* [Exercise directions] Type out the whole listing again exactly, pictures omitted.

▼▼▼

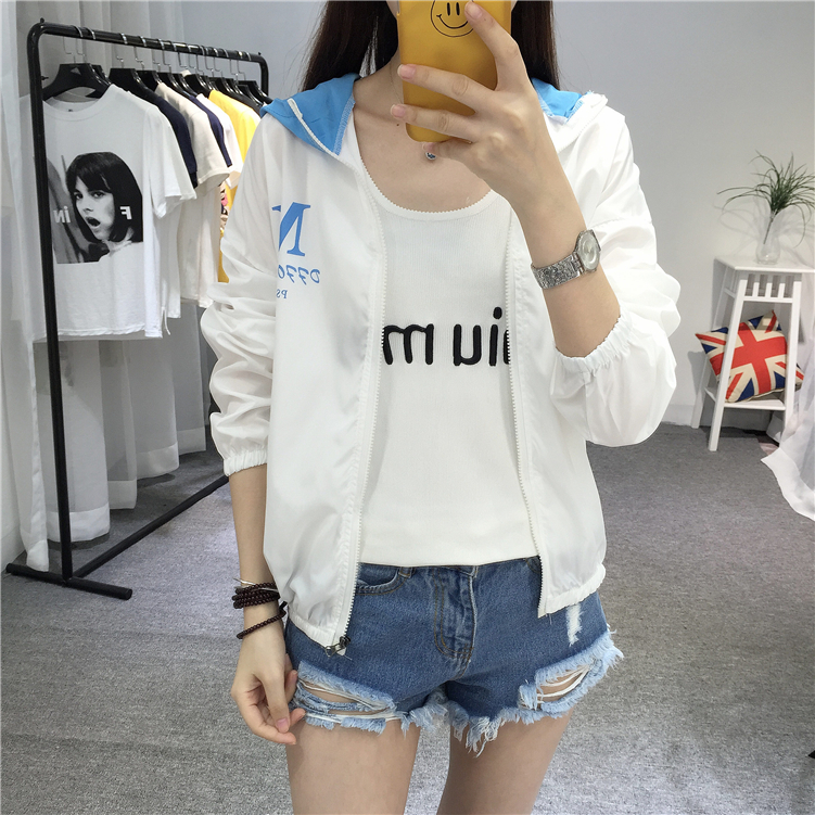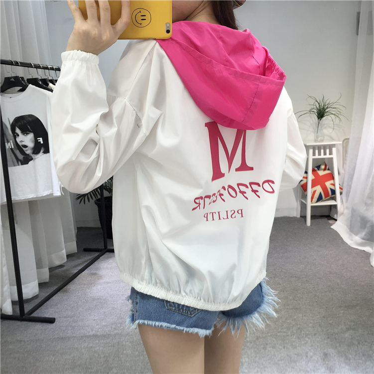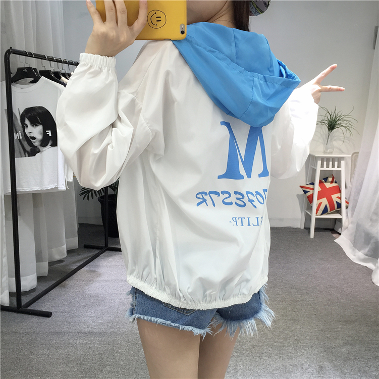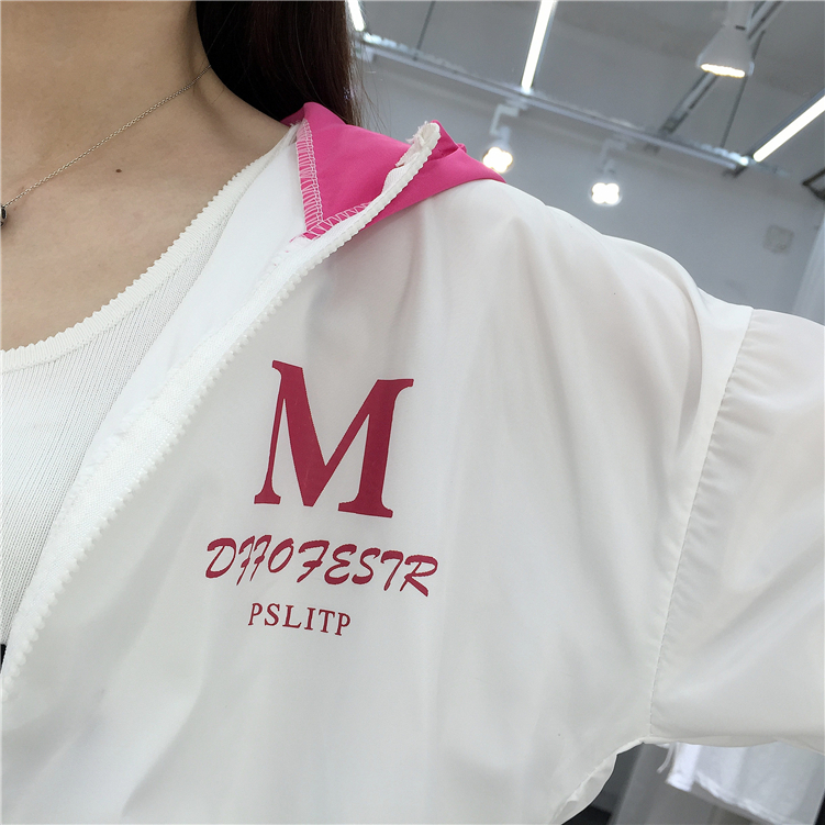 薄款印花字母防曬衣潮夏季原宿bf學院風寬松連帽拼色拉鏈衫外套潮
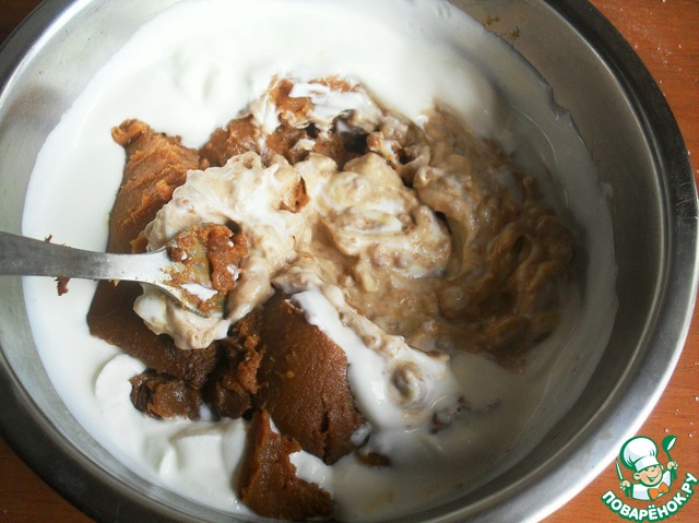 • Пока коржи пекутся, сделаем крем. Соединим сметану со сгущенным молоком. Можно вместо сметаны взять и масло. Но в тесте достаточно жира.
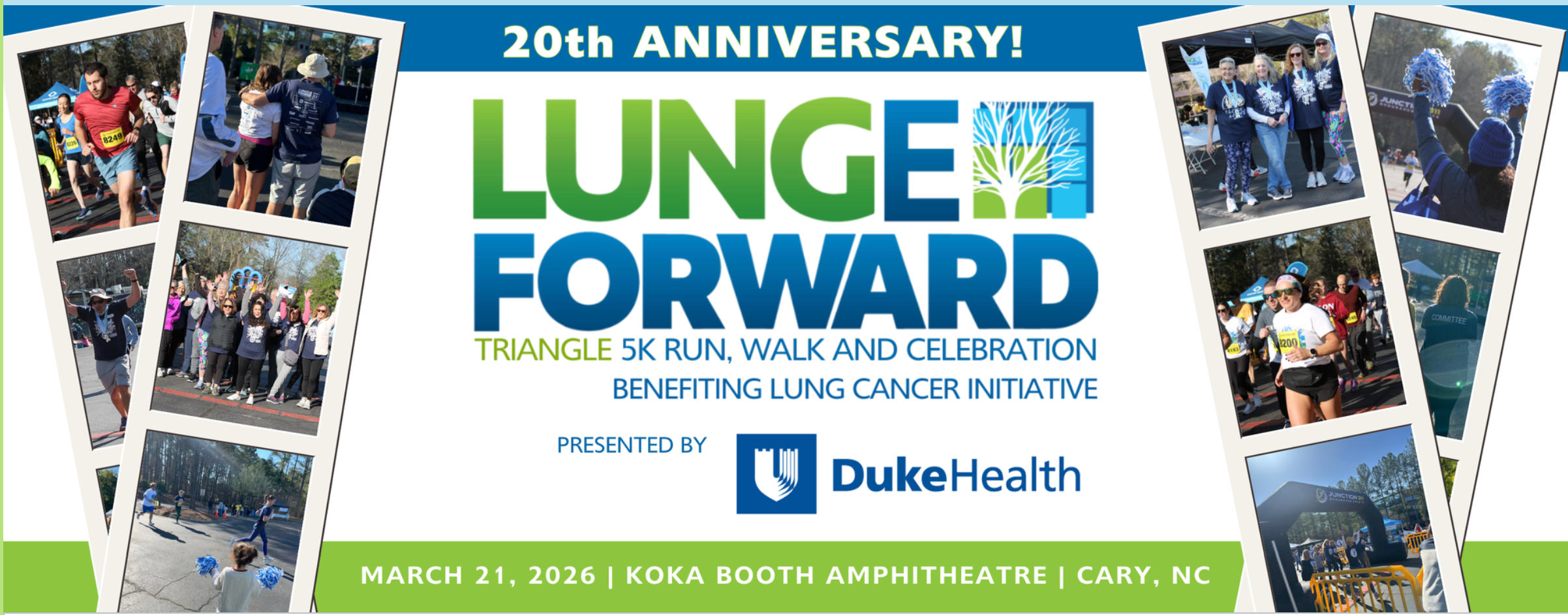 We’re thrilled to kick off a very special year — celebrating 20 years of LUNGing Forward in the Triangle. Join us at Koka Booth Amphitheatre as we commemorate this milestone and come together in support of the lung cancer community. Help make this our best year yet by forming or joining a team, fundraising, and showing up strong on event day. Every dollar and every step makes a meaningful impact on lung cancer research and support programs right here in our community.
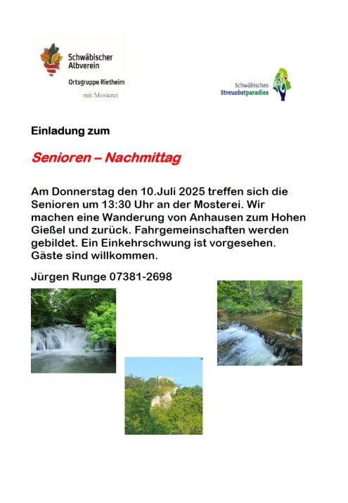 Senioren-Nachmittag 13:30 Uhr Do., 10.07.2025, Münsingen/Rietheim Uhrzeit: 00:00 Ort: Mosterei Münsinger Straße 58 72525 Münsingen/Rietheim iCalendar Mit dem Laden der Karte akzeptieren Sie die Datenschutzerklärung von Google.Mehr erfahren Karte laden Google Maps immer entsperren zur Übersicht
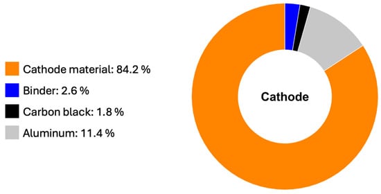 Preliminary tests were conducted on the battery cathode and anode to assess the binder fraction, the carbon black fraction, and the current collector fraction and to confirm the battery chemistry. From the TGA tests on the cathode, the weight loss up to 450 °C was associated with the oxidation of the binder, while the weight loss in the 450–550 °C range was associated with carbon black (see Figure S4 of the Supplementary Materials). Overall, the TGA results indicated a total fraction of the organic binder and carbon black of approximately 4.5 wt%. The aluminum mass fraction in the cathode sheet was determined using ICP-OES analysis. This technique enabled the quantification of the mass fractions of various elements in the cathode, as well as the stoichiometric composition of the cathode active material (see Tables S1 and S2 in the Supplementary Materials, respectively). A summary of the cathode composition is reported in Figure 3. The TGA test on the anode highlighted the oxidation temperature of the anodic graphite (Figure S5 of the Supplementary Materials). SEM images of the cathode and anode sheets are shown in Figures S6 and S7 of the Supplementary Materials.
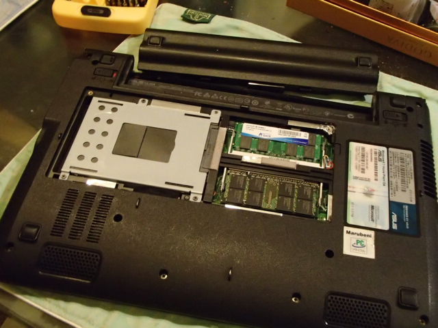 コピーはどれぐらい掛かりましたかねぇ。3時間ぐらいだったかもっとだったか。気がついたらPCが再起動して古い方のSSDで立ち上がっていたので分からず。 シャットダウンしてSSD交換。 このPCも2010年に購入でかなり年季が入ってきたのですが、HDDからSSDに交換して快適になりそのまま使い続けてます。もうHDDには戻れないわ。あと、無理やり薄型でもないので、このとおりディスク交換も簡単です。
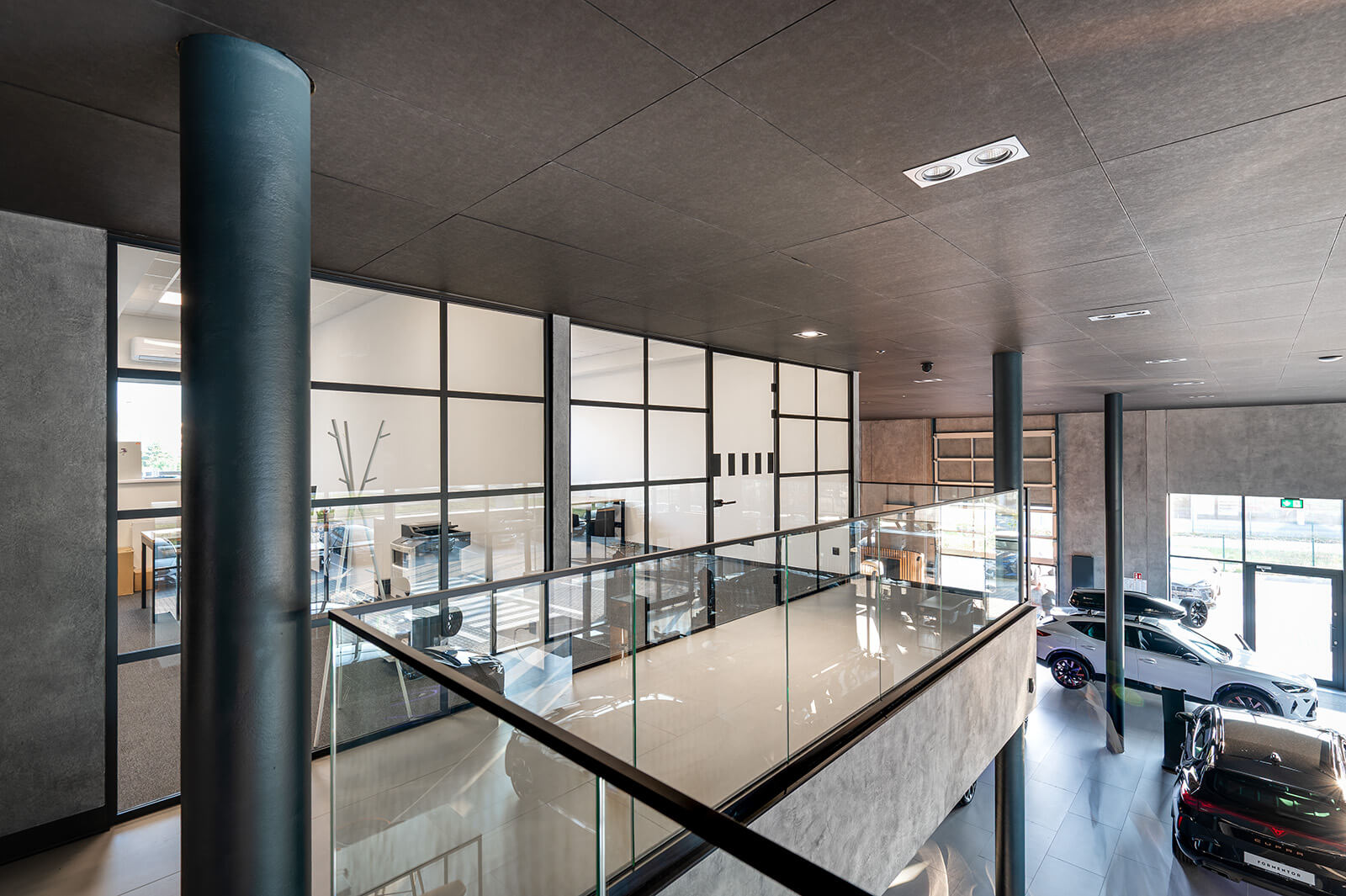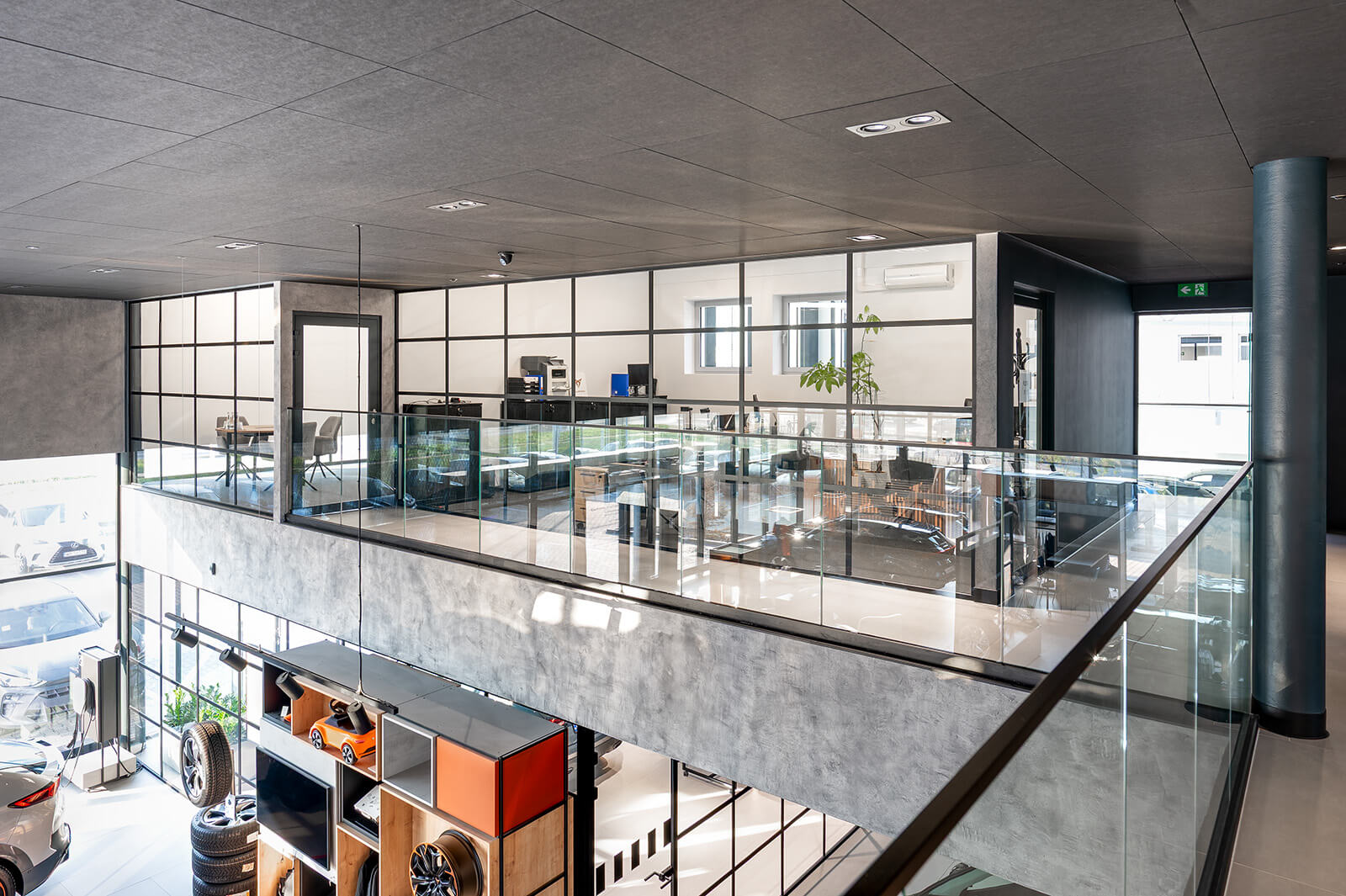 Aby idealnie oddać odważnego i nowoczesnego ducha marki, postawiono tu na szprosowe ściany GSW Office i drzwi szklane. Dzięki nim ta dwupoziomowa przestrzeń zyskała industrialny charakter, jest doskonale doświetlona, a jednocześnie podzielona na funkcjonalne strefy: ekspozycyjną, biurową i lounge.

▲▲▲

* [Solution below]
 薄款印花字母防曬衣潮夏季原宿bf學院風寬松連帽拼色拉鏈衫外套潮
 • Пока коржи пекутся, сделаем крем. Соединим сметану со сгущенным молоком. Можно вместо сметаны взять и масло. Но в тесте достаточно жира.
 We’re thrilled to kick off a very special year — celebrating 20 years of LUNGing Forward in the Triangle. Join us at Koka Booth Amphitheatre as we commemorate this milestone and come together in support of the lung cancer community. Help make this our best year yet by forming or joining a team, fundraising, and showing up strong on event day. Every dollar and every step makes a meaningful impact on lung cancer research and support programs right here in our community.
 Senioren-Nachmittag 13:30 Uhr Do., 10.07.2025, Münsingen/Rietheim Uhrzeit: 00:00 Ort: Mosterei Münsinger Straße 58 72525 Münsingen/Rietheim iCalendar Mit dem Laden der Karte akzeptieren Sie die Datenschutzerklärung von Google.Mehr erfahren Karte laden Google Maps immer entsperren zur Übersicht
 Preliminary tests were conducted on the battery cathode and anode to assess the binder fraction, the carbon black fraction, and the current collector fraction and to confirm the battery chemistry. From the TGA tests on the cathode, the weight loss up to 450 °C was associated with the oxidation of the binder, while the weight loss in the 450–550 °C range was associated with carbon black (see Figure S4 of the Supplementary Materials). Overall, the TGA results indicated a total fraction of the organic binder and carbon black of approximately 4.5 wt%. The aluminum mass fraction in the cathode sheet was determined using ICP-OES analysis. This technique enabled the quantification of the mass fractions of various elements in the cathode, as well as the stoichiometric composition of the cathode active material (see Tables S1 and S2 in the Supplementary Materials, respectively). A summary of the cathode composition is reported in Figure 3. The TGA test on the anode highlighted the oxidation temperature of the anodic graphite (Figure S5 of the Supplementary Materials). SEM images of the cathode and anode sheets are shown in Figures S6 and S7 of the Supplementary Materials.
 コピーはどれぐらい掛かりましたかねぇ。3時間ぐらいだったかもっとだったか。気がついたらPCが再起動して古い方のSSDで立ち上がっていたので分からず。 シャットダウンしてSSD交換。 このPCも2010年に購入でかなり年季が入ってきたのですが、HDDからSSDに交換して快適になりそのまま使い続けてます。もうHDDには戻れないわ。あと、無理やり薄型でもないので、このとおりディスク交換も簡単です。
 Aby idealnie oddać odważnego i nowoczesnego ducha marki, postawiono tu na szprosowe ściany GSW Office i drzwi szklane. Dzięki nim ta dwupoziomowa przestrzeń zyskała industrialny charakter, jest doskonale doświetlona, a jednocześnie podzielona na funkcjonalne strefy: ekspozycyjną, biurową i lounge.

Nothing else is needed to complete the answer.